We are using fetchAndLock API to get the External Task with AsyncResponseTimeout of 15 Seconds. Sometimes the lock happens after the Timeout has already expired; which results in External Task being locked for 20 min (which is configurable).
Question:
Does anyone have any suggestions on how to prevent locking if the timeout has already expired?
Version Information: Camunda: 7.18.0
Possible problem seems like:
FetchAndLockHandlerImpl
protected void acquire() {
..
FetchAndLockResult result = tryFetchAndLock(pendingRequest);
...
if (result.wasSuccessful()) {
List<LockedExternalTaskDto> lockedTasks = result.getTasks();
if (!lockedTasks.isEmpty() || isExpired(pendingRequest)) {
AsyncResponse asyncResponse = pendingRequest.getAsyncResponse();
asyncResponse.resume(lockedTasks);
...
...
}
Thanks for yours valuable inputs. We did some changes and also followed yours given suggestions. Our problem was resolved at some extent but I am still afraid some where code changes need to be addressed.
We are using MS-SQL.
Started ProcessInstance with around 7 variables,
FetchAndLock: AsynchTime : 18000 (18Sec); As our LoadBalancer has Timeout 30Sec.
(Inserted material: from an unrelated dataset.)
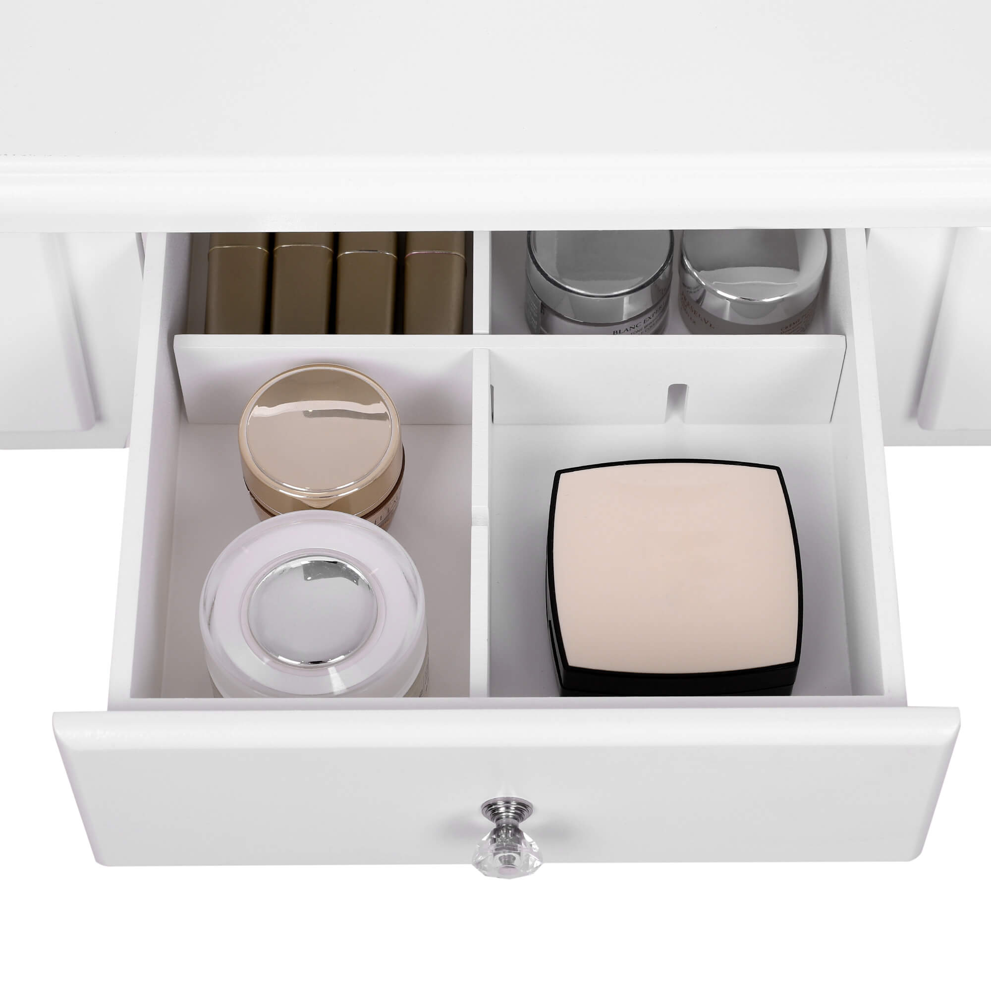 If you find yourself standing in front of a mountain of toiletries, makeup, makeup brushes, and other utensils in the morning, it’s time to get organized! With this dressing table, you can not only organize all your important accessories, but you also get your own beauty area that looks like it came straight out of a Hollywood movie. Not only will you look enchanting, but you’ll also start your day with energy and a gorgeous look. Get ready at this equally charming dressing table—the large, rectangular frameless mirror makes small or dark rooms appear larger and brighter. A decorative gem for your bedroom! Easy assembly Of course, we don’t want you to be annoyed with our products. That’s why we want to make the assembly process as easy as possible for you. Simply assemble the legs and the mirror – done! Product details: – Color: White – Material: MDF (medium-density fiberboard), pine wood (table legs), rubberwood (stool legs) – Table size: 80 x 40 x 137.5 cm (L x W x H) – Stool size: 37 x 28 x 45 cm (L x W x H) – Weight: 19 kg Scope of delivery: – 1 x dressing table – 1 x mirror – 1 x stool – 1 x container with screws – 1 x instructions (DE, EN, FR, ES, IT)

We did reduce externalTask lockDuration from 20min to 10min; and passed as per API request.
Still we ended with requests being Timedout and few external Task were locked at Camunda for 10 min. While checking in detail as mentioned earlier the fetchAndLockAPI calling multiple DB query operation to get Variables and other details; and at end, it’s locking the external Task. If these queries are taking a long time (as we were fetching 15 External Tasks in 1 request, for each external Task Camunda executed set of queries and fetched 7 variables) seems causing problem.
When request and everything received at FetchAndLockHandlerImpl.java : line 116 FetchAndLockResult result = tryFetchAndLock(pendingRequest);
this method itself took more than the remaining time, it locked the External Task, and when the response was dispatched original request had already been timed out. (and stream closed)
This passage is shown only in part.